The meeting summarization agent
The meeting summarization agent runs in the background. It monitors meeting recordings wherever they are stored (e.g., a Google Drive, a Dropbox folder, an Airtable base, or another storage location).
Whenever a new recording file has been added to the location, the agent performs the following tasks:
Uploads the recording (.mp3) file to Google Cloud Storage.
Transcribes the meeting verbatim using Google Cloud’s Speech-to-Text API v1 with diarization, which recognizes different speakers.
Creates a summary of decisions and next steps with Gemini.
Stores the meeting summary, while deleting the recording and transcript for privacy reasons.

Simple implementation steps
Here are the steps to follow to get the agent up and running quickly and easily.
Prerequisite: set up Google Cloud
First, you need to create a Google Cloud project and a service account with the appropriate permissions:
Visit Google Cloud to set up a project and billing.
Visit Google Storage to create a storage bucket. You can choose any name and any region. The default settings are fine. Write down the unique name of the bucket, which will be accessible via the https://storage.cloud.google.com/{bucket_name} URL.
Visit Google Speech-to-Text to select the project and enable the 'Cloud Speech-to-Text API'.
In the sidebar on the left, under IAM & Admin, select Service Accounts and click on Create Service Account. Choose any name, select Cloud Speech Administrator role as well as Storage Object User, and click Done. If you are reusing an existing service account, go to IAM instead to add this role to the service account.
Then, under the newly created service account, go to the Keys tab and click on “Add Key” to create a JSON file containing the service account credentials. Download the JSON file to your computer for future use.
Finally, create a Google Gemini API key by visiting the AI Studio.
Step 1: Upload to cloud storage
As a first step, the agent must upload any new recording to Google Cloud Storage.
Visit this Colab notebook for the full demo in Python.
Step 2: Transcribe
In this step, the agent calls Google Cloud’s Speech-to-Text API v1 with diarization. Each meeting transcription may take 15 minutes or longer.
Visit this Colab notebook for the full demo in Python (same notebook as above).
You can adapt the following script.
Step 3: Summarize
In this step, the agent calls Google Cloud’s Gemini API with an affordable model such as Gemini 2.0 Flash, to request a list of decisions/agreements and a list of next steps.
Here is a summarization prompt that you can use with your favorite LLM API.
prompt = f"""Summarize the following text provided between the <text> tags, by generating a Markdown summary in the format provided between the <example> tags.

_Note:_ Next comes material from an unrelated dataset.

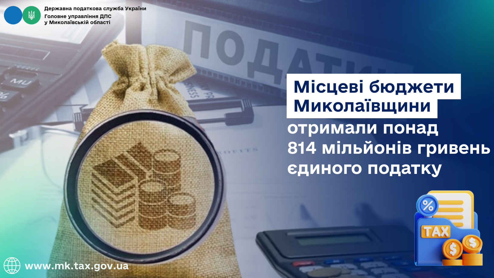 У січні – квітні 2025 року до місцевих бюджетів Миколаївщини забезпечено 814,2 млн грн єдиного податку, що на 24 відс., або на 157,7 млн грн більше, ніж за аналогічний період 2024 року.

The Markdown summary consists of two bullet points, 'summary' and 'next steps', each with less than 10 sub-bullet points.
Under summary, please make sure to list the main agreements and decisions reached.add()
Under next steps, please make sure the list the agreed actions and next steps.
Bullet points must start with a star character.
Sub bullet points must be indented with 4 spaces followed by a * character.
Please do not include any other text in your response, other than the list of bullet points.
<text>
{transcript}
</text>
Here is an illustrative example of the output:
<example>
* Summary
* The meeting participants agreed to pursue business relationships
* Next steps
* The meeting participants agreed to meet again in two weeks.
* They will revert back with names of potential team members within 1 week.
</example>
"""
Visit this Colab notebook for the full demo in Python (same notebook as above).
Takeaway messages
Having an AI meeting note taker at your beck and call is a fantastic time saver. However, if you feel unsure about trusting a 1-year-old startup with your most sensitive data, you can easily build that agent capability in-house using Google Cloud.